A structural model of full-length human INF2-CAAX (Uniprot Q27J81-1) was made using AlphaFold3. AlphaFold returned five models, of which the one with the highest confidence score is depicted in Supplementary Figure 8, though the orientations of DID, DAD, and N-terminus were similar in the other four models produced. A second structural model of a human INF2 variant lacking the DAD (https://alphafold.ebi.ac.uk/entry/A0A087X118) was also used. This model was further subjected to molecular dynamics simulations using Amber 22. The model was prepared for simulation using the ff19SB force field (Tian et al., 2020) and solvated in an octagonal box of OPC3 waters (Izadi and Onufriev, 2016) with a minimum of 8 Å between the protein and the edge of the box in all dimensions. Hydrogen mass repartitioning (Hopkins et al., 2015) was applied to allow for a 4-fs simulation time step. The model was energy minimized over 5000 steps, then heated at constant volume from 200 to 310 K over 11,000 4-fs steps. Finally, 100-ns of constant-pressure simulation were performed. Simulations used the Andersen thermostat (DOI: 10.1063/1.439486) with a frequency of 1000 steps.

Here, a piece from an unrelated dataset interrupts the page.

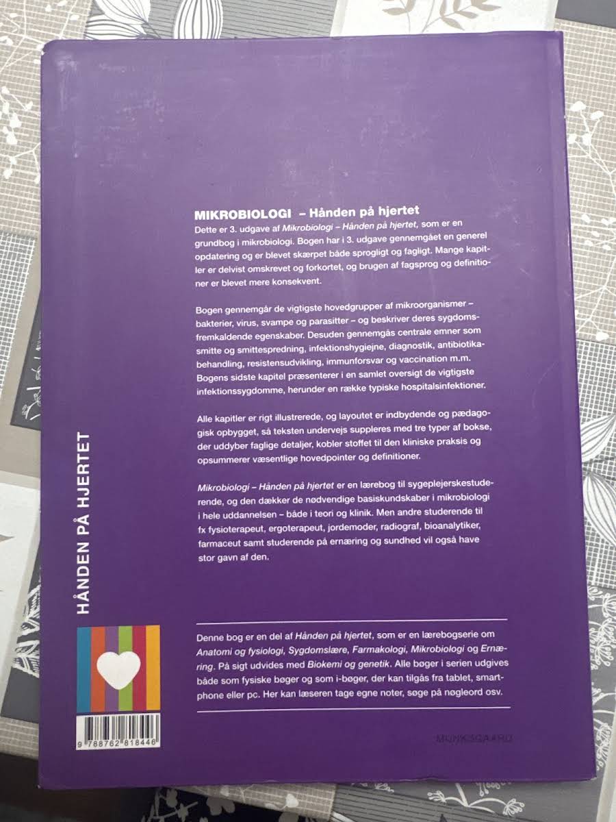 I 3. udgave af Mikrobiologi – Hånden på hjertet er grundbogen i mikrobiologi blevet gennemgået med en omfattende faglig og sproglig opdatering. Mange kapitler er revideret, forkortet og tilpasset med et mere konsekvent fagsprog, så læseren oplever en strømlinet og moderne tilgang til stoffet. Bogen dykker ned i de væsentligste mikroorganismer – herunder bakterier, virus, svampe og parasitter – og belyser deres rolle i sygdomsprocesser. Centrale temaer som smitte, infektionshygiejne, diagnostik, antibiotikabehandling, resistensudvikling, immunforsvar og vaccination behandles grundigt og præcist. Med et indbydende layout, rige illustrationer og specialdesignede bokse, der både forklarer faglige detaljer, relaterer stoffet til klinisk praksis og fremhæver hovedpointer, bliver bogen en uvurderlig ressource. Den er skræddersyet til sygeplejerskestuderende, men er også relevant for studerende inden for fysioterapi, ergoterapi, jordemoder, radiografi, bioanalytik, farmaci samt ernæring og sundhed.

Data processing and statistical analyses

For the cell imaging data, brightness and contrast were adjusted uniformly using ImageJ software. Figures were compiled and finalized using PowerPoint 2016. Data processing was performed in ImageJ and Microsoft Excel. Statistical analyses, including p-value calculations, were conducted using GraphPad Prism version 6.01. Comparisons between two groups were made using unpaired Student’s t-tests. Statistical significance was defined as p ≤ 0.05 and is indicated by an asterisk in figure panels. Additional significance levels are represented as follows: ** for p ≤ 0.01, *** for p ≤ 0.001, and **** for p ≤ 0.0001.